What is being asked: Leave out the pictures, and reproduce exactly the lines from the line containing "强大的TTS功能,满足你对语音创作的一切想象。比如使用AI新闻官播报每日新闻。" through the final line of the entries.

((

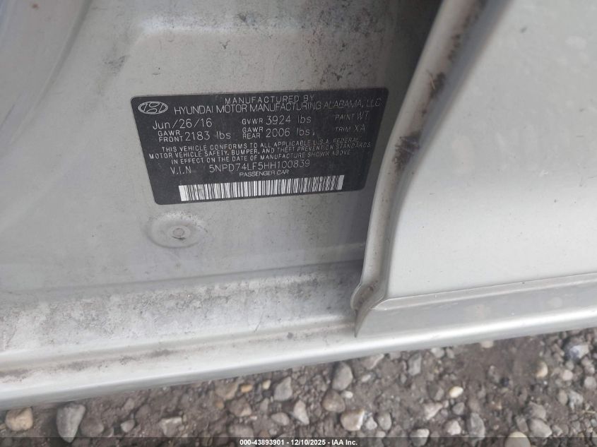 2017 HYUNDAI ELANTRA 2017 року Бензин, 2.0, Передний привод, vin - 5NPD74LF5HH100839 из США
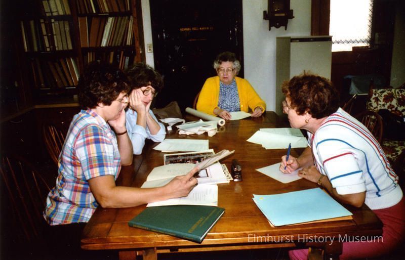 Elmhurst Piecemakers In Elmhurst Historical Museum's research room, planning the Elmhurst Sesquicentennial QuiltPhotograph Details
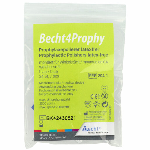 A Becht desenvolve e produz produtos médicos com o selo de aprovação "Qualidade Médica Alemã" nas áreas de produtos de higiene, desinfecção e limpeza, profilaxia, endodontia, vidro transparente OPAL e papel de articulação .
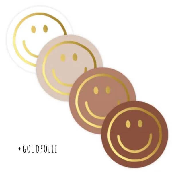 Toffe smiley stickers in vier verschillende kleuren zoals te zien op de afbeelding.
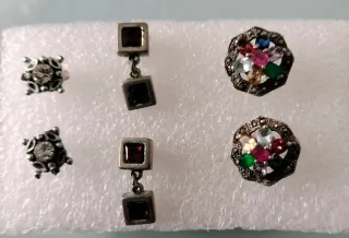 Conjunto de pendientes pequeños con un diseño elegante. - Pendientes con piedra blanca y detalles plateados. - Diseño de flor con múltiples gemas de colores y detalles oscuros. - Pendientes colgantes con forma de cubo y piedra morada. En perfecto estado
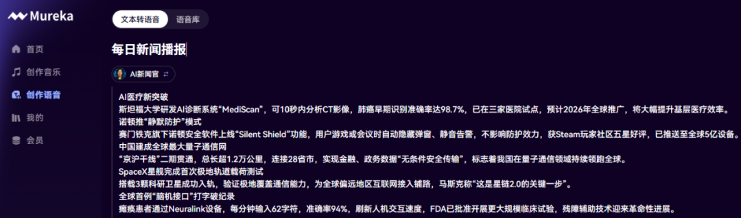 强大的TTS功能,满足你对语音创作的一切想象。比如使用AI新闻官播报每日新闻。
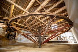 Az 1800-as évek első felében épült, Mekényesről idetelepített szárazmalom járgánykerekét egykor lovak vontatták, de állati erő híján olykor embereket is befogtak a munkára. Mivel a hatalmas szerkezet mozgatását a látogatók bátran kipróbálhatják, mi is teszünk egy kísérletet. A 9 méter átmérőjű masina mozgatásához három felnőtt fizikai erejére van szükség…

))

Response to this task:
 强大的TTS功能,满足你对语音创作的一切想象。比如使用AI新闻官播报每日新闻。
 Az 1800-as évek első felében épült, Mekényesről idetelepített szárazmalom járgánykerekét egykor lovak vontatták, de állati erő híján olykor embereket is befogtak a munkára. Mivel a hatalmas szerkezet mozgatását a látogatók bátran kipróbálhatják, mi is teszünk egy kísérletet. A 9 méter átmérőjű masina mozgatásához három felnőtt fizikai erejére van szükség…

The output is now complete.